╭─ MATERIAL SUPPLIED

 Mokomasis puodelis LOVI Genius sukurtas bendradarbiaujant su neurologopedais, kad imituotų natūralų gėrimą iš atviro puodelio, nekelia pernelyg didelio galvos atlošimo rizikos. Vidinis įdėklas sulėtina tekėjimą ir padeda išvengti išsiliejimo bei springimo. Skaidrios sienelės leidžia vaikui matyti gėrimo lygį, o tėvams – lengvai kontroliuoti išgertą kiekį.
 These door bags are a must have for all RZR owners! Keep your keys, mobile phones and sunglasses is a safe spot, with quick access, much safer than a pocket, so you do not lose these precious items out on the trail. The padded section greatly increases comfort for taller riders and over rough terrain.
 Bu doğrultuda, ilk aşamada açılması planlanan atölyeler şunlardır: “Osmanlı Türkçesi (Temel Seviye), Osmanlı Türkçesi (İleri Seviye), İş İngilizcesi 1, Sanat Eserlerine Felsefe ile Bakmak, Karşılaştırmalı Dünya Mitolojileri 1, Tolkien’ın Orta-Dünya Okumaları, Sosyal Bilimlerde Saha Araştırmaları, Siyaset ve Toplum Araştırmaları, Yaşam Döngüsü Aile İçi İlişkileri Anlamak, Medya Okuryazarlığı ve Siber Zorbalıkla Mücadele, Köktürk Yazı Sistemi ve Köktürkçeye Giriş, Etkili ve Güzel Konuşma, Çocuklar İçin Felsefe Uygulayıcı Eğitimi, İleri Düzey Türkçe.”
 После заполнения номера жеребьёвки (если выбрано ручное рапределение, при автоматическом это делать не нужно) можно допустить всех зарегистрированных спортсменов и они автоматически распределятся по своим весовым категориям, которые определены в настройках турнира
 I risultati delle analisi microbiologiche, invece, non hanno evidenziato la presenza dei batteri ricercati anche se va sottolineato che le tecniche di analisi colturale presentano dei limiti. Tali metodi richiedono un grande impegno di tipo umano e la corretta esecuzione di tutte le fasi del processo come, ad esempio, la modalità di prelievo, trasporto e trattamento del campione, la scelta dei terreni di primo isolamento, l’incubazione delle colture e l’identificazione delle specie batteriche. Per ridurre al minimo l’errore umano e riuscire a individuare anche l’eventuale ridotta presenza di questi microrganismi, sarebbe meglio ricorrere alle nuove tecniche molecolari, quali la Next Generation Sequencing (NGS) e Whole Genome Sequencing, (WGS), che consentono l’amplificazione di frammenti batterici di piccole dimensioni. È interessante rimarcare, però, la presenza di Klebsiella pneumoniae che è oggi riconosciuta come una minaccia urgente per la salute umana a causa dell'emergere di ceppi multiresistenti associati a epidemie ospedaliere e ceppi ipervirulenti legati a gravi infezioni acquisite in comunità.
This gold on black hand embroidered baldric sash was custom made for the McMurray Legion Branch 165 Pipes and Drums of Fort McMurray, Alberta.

╰─
╭─ MATERIAL SUPPLIED

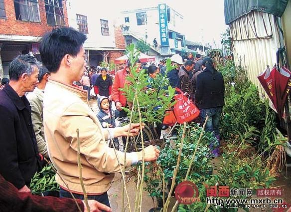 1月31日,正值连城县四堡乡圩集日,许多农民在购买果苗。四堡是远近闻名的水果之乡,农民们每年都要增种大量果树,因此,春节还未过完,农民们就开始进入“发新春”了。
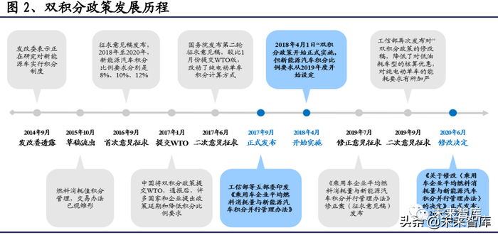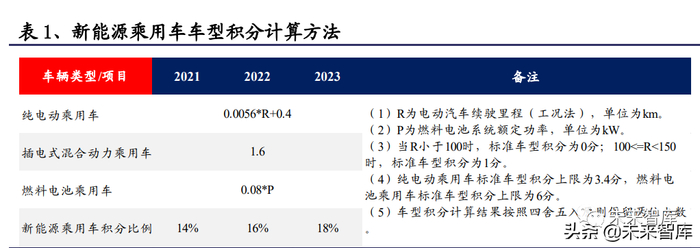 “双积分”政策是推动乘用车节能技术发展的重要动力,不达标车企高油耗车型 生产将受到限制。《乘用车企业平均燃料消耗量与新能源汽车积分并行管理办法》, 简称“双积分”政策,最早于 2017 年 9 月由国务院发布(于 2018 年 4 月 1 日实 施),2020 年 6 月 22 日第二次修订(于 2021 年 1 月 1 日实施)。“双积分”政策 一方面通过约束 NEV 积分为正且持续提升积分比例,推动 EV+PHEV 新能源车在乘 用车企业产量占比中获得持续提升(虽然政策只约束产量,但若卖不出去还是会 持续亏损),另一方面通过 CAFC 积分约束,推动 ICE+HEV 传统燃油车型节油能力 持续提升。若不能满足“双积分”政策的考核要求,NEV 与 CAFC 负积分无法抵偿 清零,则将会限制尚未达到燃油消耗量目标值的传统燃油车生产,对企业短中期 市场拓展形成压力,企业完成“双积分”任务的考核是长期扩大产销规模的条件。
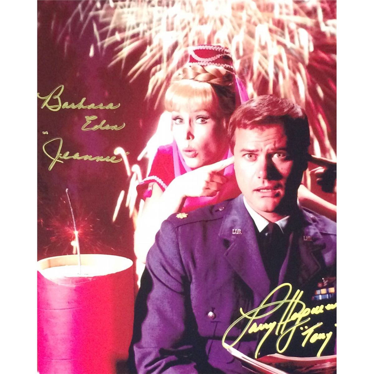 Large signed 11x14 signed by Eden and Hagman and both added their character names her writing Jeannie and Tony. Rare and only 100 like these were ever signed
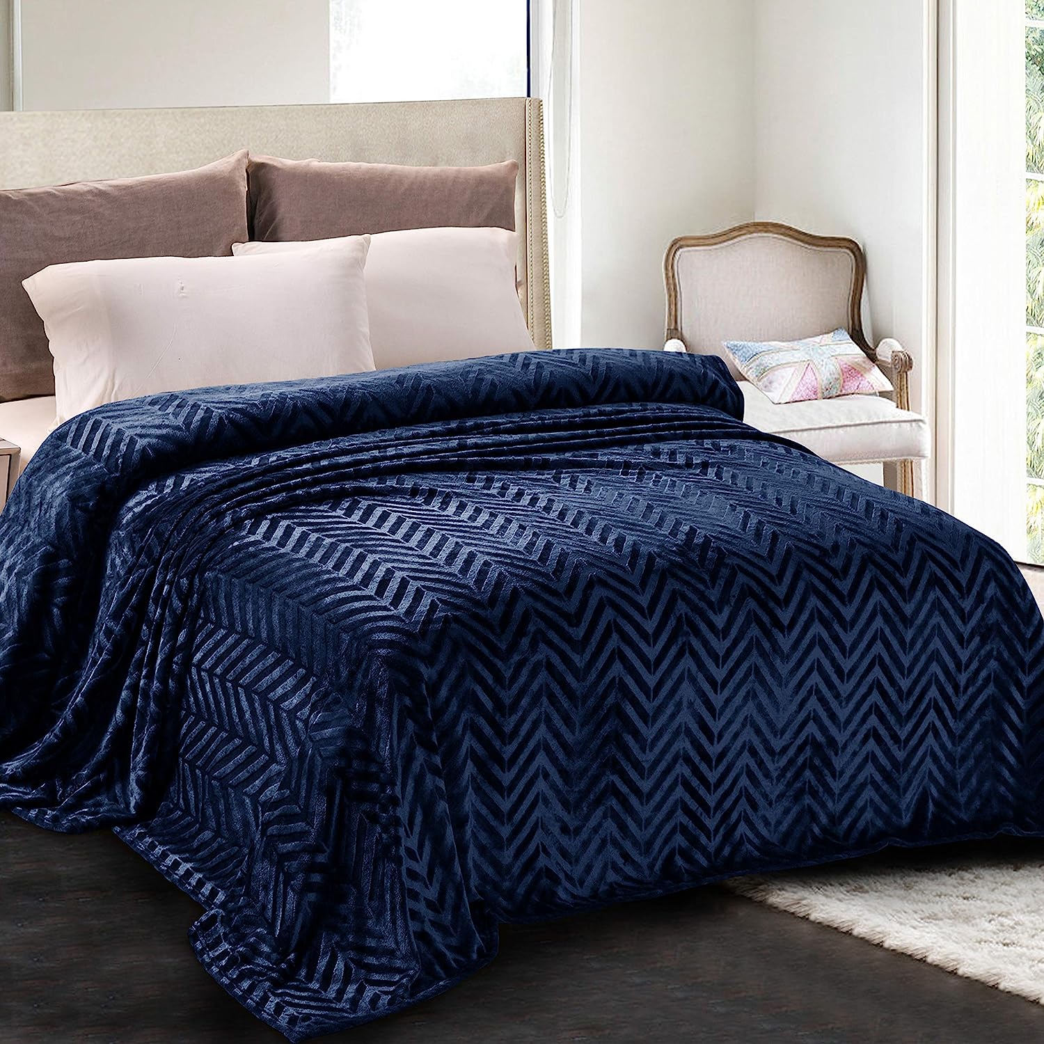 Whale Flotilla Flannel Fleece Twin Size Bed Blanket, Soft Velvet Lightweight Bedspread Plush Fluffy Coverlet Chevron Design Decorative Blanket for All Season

╰─

* [WORK REQUIRED]: Skipping the pictures, print the lines in the listing above exactly as written, starting at the line with "年 9 月由国务院发布(于" and ending at the line with "Whale Flotilla Flannel", both included.

* [SOLUTION TO THE PROBLEM]:
 “双积分”政策是推动乘用车节能技术发展的重要动力,不达标车企高油耗车型 生产将受到限制。《乘用车企业平均燃料消耗量与新能源汽车积分并行管理办法》, 简称“双积分”政策,最早于 2017 年 9 月由国务院发布(于 2018 年 4 月 1 日实 施),2020 年 6 月 22 日第二次修订(于 2021 年 1 月 1 日实施)。“双积分”政策 一方面通过约束 NEV 积分为正且持续提升积分比例,推动 EV+PHEV 新能源车在乘 用车企业产量占比中获得持续提升(虽然政策只约束产量,但若卖不出去还是会 持续亏损),另一方面通过 CAFC 积分约束,推动 ICE+HEV 传统燃油车型节油能力 持续提升。若不能满足“双积分”政策的考核要求,NEV 与 CAFC 负积分无法抵偿 清零,则将会限制尚未达到燃油消耗量目标值的传统燃油车生产,对企业短中期 市场拓展形成压力,企业完成“双积分”任务的考核是长期扩大产销规模的条件。
 Large signed 11x14 signed by Eden and Hagman and both added their character names her writing Jeannie and Tony. Rare and only 100 like these were ever signed
 Whale Flotilla Flannel Fleece Twin Size Bed Blanket, Soft Velvet Lightweight Bedspread Plush Fluffy Coverlet Chevron Design Decorative Blanket for All Season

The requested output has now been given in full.